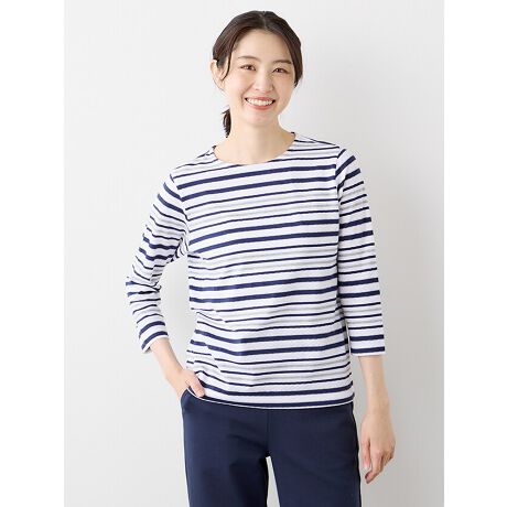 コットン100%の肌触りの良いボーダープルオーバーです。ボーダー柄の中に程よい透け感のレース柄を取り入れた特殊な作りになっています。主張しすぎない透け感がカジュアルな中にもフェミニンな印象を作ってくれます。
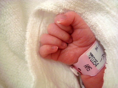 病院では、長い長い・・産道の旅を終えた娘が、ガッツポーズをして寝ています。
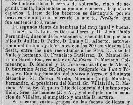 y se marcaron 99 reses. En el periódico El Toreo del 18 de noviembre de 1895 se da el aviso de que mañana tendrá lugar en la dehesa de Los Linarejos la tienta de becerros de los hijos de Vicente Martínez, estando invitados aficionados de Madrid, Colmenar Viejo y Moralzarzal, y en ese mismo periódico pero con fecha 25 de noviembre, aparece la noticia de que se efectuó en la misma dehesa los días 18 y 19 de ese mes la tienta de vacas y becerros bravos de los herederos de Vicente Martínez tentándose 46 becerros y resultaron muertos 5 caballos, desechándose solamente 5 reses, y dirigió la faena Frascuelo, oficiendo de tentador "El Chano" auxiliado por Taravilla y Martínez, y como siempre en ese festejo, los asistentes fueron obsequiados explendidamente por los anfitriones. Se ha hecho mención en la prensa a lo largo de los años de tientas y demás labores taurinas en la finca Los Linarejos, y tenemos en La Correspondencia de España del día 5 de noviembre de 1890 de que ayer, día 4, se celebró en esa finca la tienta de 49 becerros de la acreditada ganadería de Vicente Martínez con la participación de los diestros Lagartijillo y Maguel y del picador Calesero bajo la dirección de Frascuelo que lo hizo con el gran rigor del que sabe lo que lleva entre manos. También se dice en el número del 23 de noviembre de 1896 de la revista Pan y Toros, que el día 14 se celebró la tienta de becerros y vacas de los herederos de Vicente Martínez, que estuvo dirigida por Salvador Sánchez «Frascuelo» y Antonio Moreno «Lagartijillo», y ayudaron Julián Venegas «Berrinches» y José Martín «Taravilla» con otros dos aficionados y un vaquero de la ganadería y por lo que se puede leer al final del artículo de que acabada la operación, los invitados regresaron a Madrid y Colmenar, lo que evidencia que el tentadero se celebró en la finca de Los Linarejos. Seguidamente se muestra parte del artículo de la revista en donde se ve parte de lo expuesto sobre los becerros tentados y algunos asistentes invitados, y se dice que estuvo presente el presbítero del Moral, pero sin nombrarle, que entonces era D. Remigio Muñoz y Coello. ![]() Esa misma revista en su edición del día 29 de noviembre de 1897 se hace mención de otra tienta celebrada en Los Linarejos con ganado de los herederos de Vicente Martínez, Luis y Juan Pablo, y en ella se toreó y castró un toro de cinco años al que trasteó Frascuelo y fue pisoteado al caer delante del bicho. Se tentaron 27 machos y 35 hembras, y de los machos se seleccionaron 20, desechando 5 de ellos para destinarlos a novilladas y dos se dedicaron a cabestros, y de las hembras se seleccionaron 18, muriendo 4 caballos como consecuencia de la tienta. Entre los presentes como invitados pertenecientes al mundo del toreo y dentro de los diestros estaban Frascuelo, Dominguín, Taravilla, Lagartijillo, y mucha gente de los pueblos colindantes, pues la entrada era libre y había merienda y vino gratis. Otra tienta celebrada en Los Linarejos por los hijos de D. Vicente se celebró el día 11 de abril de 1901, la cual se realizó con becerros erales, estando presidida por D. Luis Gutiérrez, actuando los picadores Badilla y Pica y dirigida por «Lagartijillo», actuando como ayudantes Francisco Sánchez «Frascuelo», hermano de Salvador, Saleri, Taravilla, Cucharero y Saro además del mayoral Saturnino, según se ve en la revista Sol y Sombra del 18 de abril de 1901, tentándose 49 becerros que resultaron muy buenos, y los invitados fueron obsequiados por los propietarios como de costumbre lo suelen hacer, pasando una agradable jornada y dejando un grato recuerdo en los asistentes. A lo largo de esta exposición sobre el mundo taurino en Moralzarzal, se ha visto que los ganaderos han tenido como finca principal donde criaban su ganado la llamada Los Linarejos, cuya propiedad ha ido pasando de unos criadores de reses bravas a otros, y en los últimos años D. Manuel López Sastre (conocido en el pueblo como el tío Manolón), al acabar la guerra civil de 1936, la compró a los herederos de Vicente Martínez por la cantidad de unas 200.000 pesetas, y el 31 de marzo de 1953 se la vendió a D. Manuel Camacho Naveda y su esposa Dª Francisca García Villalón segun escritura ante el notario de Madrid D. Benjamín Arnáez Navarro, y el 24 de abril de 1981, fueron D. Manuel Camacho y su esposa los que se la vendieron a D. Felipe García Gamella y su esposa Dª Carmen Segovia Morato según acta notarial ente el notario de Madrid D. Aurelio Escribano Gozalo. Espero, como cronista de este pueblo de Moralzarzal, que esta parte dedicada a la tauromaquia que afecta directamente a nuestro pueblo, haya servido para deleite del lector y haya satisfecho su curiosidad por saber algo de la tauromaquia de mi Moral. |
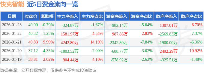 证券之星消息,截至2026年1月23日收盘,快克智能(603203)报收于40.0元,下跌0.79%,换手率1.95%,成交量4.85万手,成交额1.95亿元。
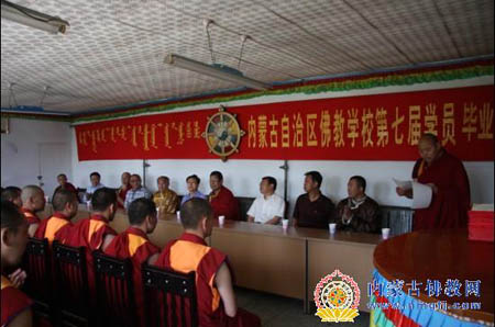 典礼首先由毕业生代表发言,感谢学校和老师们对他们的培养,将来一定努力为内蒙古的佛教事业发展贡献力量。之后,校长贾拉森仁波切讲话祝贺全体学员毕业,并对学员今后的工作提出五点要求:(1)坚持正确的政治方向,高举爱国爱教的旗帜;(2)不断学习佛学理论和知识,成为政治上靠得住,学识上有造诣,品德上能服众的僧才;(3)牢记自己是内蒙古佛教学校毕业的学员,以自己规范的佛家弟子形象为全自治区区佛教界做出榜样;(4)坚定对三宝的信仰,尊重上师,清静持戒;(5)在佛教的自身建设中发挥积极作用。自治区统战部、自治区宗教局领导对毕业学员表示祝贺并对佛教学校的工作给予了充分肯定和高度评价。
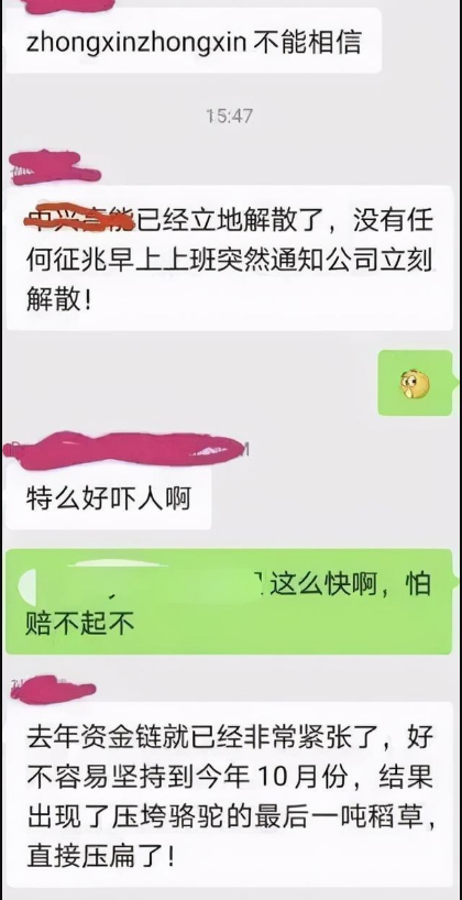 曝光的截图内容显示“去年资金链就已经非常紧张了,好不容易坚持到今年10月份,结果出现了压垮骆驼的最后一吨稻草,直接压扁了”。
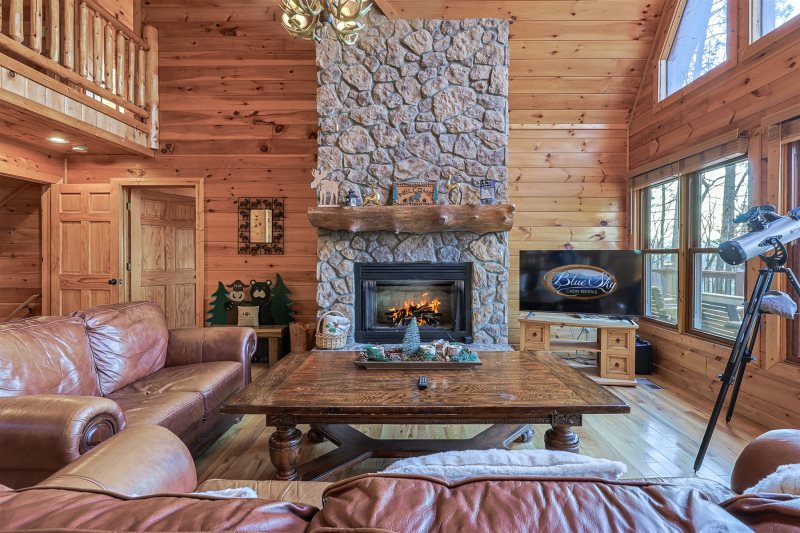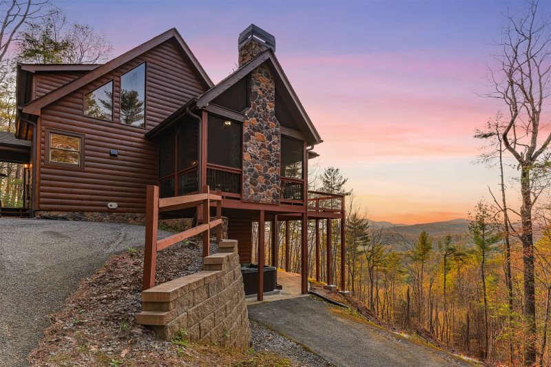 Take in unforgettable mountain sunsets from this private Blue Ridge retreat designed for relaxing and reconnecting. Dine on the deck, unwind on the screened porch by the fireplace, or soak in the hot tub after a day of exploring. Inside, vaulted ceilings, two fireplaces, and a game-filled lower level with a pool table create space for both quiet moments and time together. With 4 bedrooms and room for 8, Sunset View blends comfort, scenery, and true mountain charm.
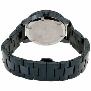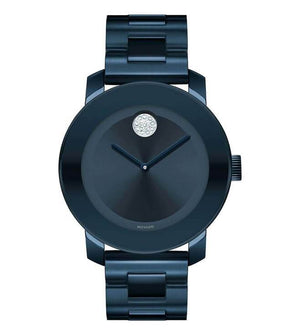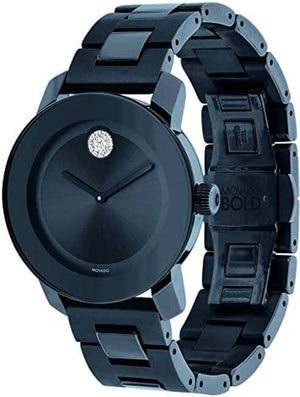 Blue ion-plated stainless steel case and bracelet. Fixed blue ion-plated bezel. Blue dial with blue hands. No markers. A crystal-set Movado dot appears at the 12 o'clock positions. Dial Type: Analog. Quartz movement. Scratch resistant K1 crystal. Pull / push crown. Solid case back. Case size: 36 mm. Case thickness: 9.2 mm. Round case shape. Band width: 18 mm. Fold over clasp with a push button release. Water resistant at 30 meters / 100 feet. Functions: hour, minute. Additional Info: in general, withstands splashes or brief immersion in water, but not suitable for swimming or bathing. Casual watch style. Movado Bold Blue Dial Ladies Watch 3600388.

### YOUR OBJECTIVE
Your copy should hold all the data word for word. It should hold no pictures.

### RESPONSE
 コットン100%の肌触りの良いボーダープルオーバーです。ボーダー柄の中に程よい透け感のレース柄を取り入れた特殊な作りになっています。主張しすぎない透け感がカジュアルな中にもフェミニンな印象を作ってくれます。
 病院では、長い長い・・産道の旅を終えた娘が、ガッツポーズをして寝ています。
 y se marcaron 99 reses. En el periódico El Toreo del 18 de noviembre de 1895 se da el aviso de que mañana tendrá lugar en la dehesa de Los Linarejos la tienta de becerros de los hijos de Vicente Martínez, estando invitados aficionados de Madrid, Colmenar Viejo y Moralzarzal, y en ese mismo periódico pero con fecha 25 de noviembre, aparece la noticia de que se efectuó en la misma dehesa los días 18 y 19 de ese mes la tienta de vacas y becerros bravos de los herederos de Vicente Martínez tentándose 46 becerros y resultaron muertos 5 caballos, desechándose solamente 5 reses, y dirigió la faena Frascuelo, oficiendo de tentador "El Chano" auxiliado por Taravilla y Martínez, y como siempre en ese festejo, los asistentes fueron obsequiados explendidamente por los anfitriones. Se ha hecho mención en la prensa a lo largo de los años de tientas y demás labores taurinas en la finca Los Linarejos, y tenemos en La Correspondencia de España del día 5 de noviembre de 1890 de que ayer, día 4, se celebró en esa finca la tienta de 49 becerros de la acreditada ganadería de Vicente Martínez con la participación de los diestros Lagartijillo y Maguel y del picador Calesero bajo la dirección de Frascuelo que lo hizo con el gran rigor del que sabe lo que lleva entre manos. También se dice en el número del 23 de noviembre de 1896 de la revista Pan y Toros, que el día 14 se celebró la tienta de becerros y vacas de los herederos de Vicente Martínez, que estuvo dirigida por Salvador Sánchez «Frascuelo» y Antonio Moreno «Lagartijillo», y ayudaron Julián Venegas «Berrinches» y José Martín «Taravilla» con otros dos aficionados y un vaquero de la ganadería y por lo que se puede leer al final del artículo de que acabada la operación, los invitados regresaron a Madrid y Colmenar, lo que evidencia que el tentadero se celebró en la finca de Los Linarejos. Seguidamente se muestra parte del artículo de la revista en donde se ve parte de lo expuesto sobre los becerros tentados y algunos asistentes invitados, y se dice que estuvo presente el presbítero del Moral, pero sin nombrarle, que entonces era D. Remigio Muñoz y Coello. ![]() Esa misma revista en su edición del día 29 de noviembre de 1897 se hace mención de otra tienta celebrada en Los Linarejos con ganado de los herederos de Vicente Martínez, Luis y Juan Pablo, y en ella se toreó y castró un toro de cinco años al que trasteó Frascuelo y fue pisoteado al caer delante del bicho. Se tentaron 27 machos y 35 hembras, y de los machos se seleccionaron 20, desechando 5 de ellos para destinarlos a novilladas y dos se dedicaron a cabestros, y de las hembras se seleccionaron 18, muriendo 4 caballos como consecuencia de la tienta. Entre los presentes como invitados pertenecientes al mundo del toreo y dentro de los diestros estaban Frascuelo, Dominguín, Taravilla, Lagartijillo, y mucha gente de los pueblos colindantes, pues la entrada era libre y había merienda y vino gratis. Otra tienta celebrada en Los Linarejos por los hijos de D. Vicente se celebró el día 11 de abril de 1901, la cual se realizó con becerros erales, estando presidida por D. Luis Gutiérrez, actuando los picadores Badilla y Pica y dirigida por «Lagartijillo», actuando como ayudantes Francisco Sánchez «Frascuelo», hermano de Salvador, Saleri, Taravilla, Cucharero y Saro además del mayoral Saturnino, según se ve en la revista Sol y Sombra del 18 de abril de 1901, tentándose 49 becerros que resultaron muy buenos, y los invitados fueron obsequiados por los propietarios como de costumbre lo suelen hacer, pasando una agradable jornada y dejando un grato recuerdo en los asistentes. A lo largo de esta exposición sobre el mundo taurino en Moralzarzal, se ha visto que los ganaderos han tenido como finca principal donde criaban su ganado la llamada Los Linarejos, cuya propiedad ha ido pasando de unos criadores de reses bravas a otros, y en los últimos años D. Manuel López Sastre (conocido en el pueblo como el tío Manolón), al acabar la guerra civil de 1936, la compró a los herederos de Vicente Martínez por la cantidad de unas 200.000 pesetas, y el 31 de marzo de 1953 se la vendió a D. Manuel Camacho Naveda y su esposa Dª Francisca García Villalón segun escritura ante el notario de Madrid D. Benjamín Arnáez Navarro, y el 24 de abril de 1981, fueron D. Manuel Camacho y su esposa los que se la vendieron a D. Felipe García Gamella y su esposa Dª Carmen Segovia Morato según acta notarial ente el notario de Madrid D. Aurelio Escribano Gozalo. Espero, como cronista de este pueblo de Moralzarzal, que esta parte dedicada a la tauromaquia que afecta directamente a nuestro pueblo, haya servido para deleite del lector y haya satisfecho su curiosidad por saber algo de la tauromaquia de mi Moral. |
 证券之星消息,截至2026年1月23日收盘,快克智能(603203)报收于40.0元,下跌0.79%,换手率1.95%,成交量4.85万手,成交额1.95亿元。
 典礼首先由毕业生代表发言,感谢学校和老师们对他们的培养,将来一定努力为内蒙古的佛教事业发展贡献力量。之后,校长贾拉森仁波切讲话祝贺全体学员毕业,并对学员今后的工作提出五点要求:(1)坚持正确的政治方向,高举爱国爱教的旗帜;(2)不断学习佛学理论和知识,成为政治上靠得住,学识上有造诣,品德上能服众的僧才;(3)牢记自己是内蒙古佛教学校毕业的学员,以自己规范的佛家弟子形象为全自治区区佛教界做出榜样;(4)坚定对三宝的信仰,尊重上师,清静持戒;(5)在佛教的自身建设中发挥积极作用。自治区统战部、自治区宗教局领导对毕业学员表示祝贺并对佛教学校的工作给予了充分肯定和高度评价。
 曝光的截图内容显示“去年资金链就已经非常紧张了,好不容易坚持到今年10月份,结果出现了压垮骆驼的最后一吨稻草,直接压扁了”。
 Take in unforgettable mountain sunsets from this private Blue Ridge retreat designed for relaxing and reconnecting. Dine on the deck, unwind on the screened porch by the fireplace, or soak in the hot tub after a day of exploring. Inside, vaulted ceilings, two fireplaces, and a game-filled lower level with a pool table create space for both quiet moments and time together. With 4 bedrooms and room for 8, Sunset View blends comfort, scenery, and true mountain charm.
 Blue ion-plated stainless steel case and bracelet. Fixed blue ion-plated bezel. Blue dial with blue hands. No markers. A crystal-set Movado dot appears at the 12 o'clock positions. Dial Type: Analog. Quartz movement. Scratch resistant K1 crystal. Pull / push crown. Solid case back. Case size: 36 mm. Case thickness: 9.2 mm. Round case shape. Band width: 18 mm. Fold over clasp with a push button release. Water resistant at 30 meters / 100 feet. Functions: hour, minute. Additional Info: in general, withstands splashes or brief immersion in water, but not suitable for swimming or bathing. Casual watch style. Movado Bold Blue Dial Ladies Watch 3600388.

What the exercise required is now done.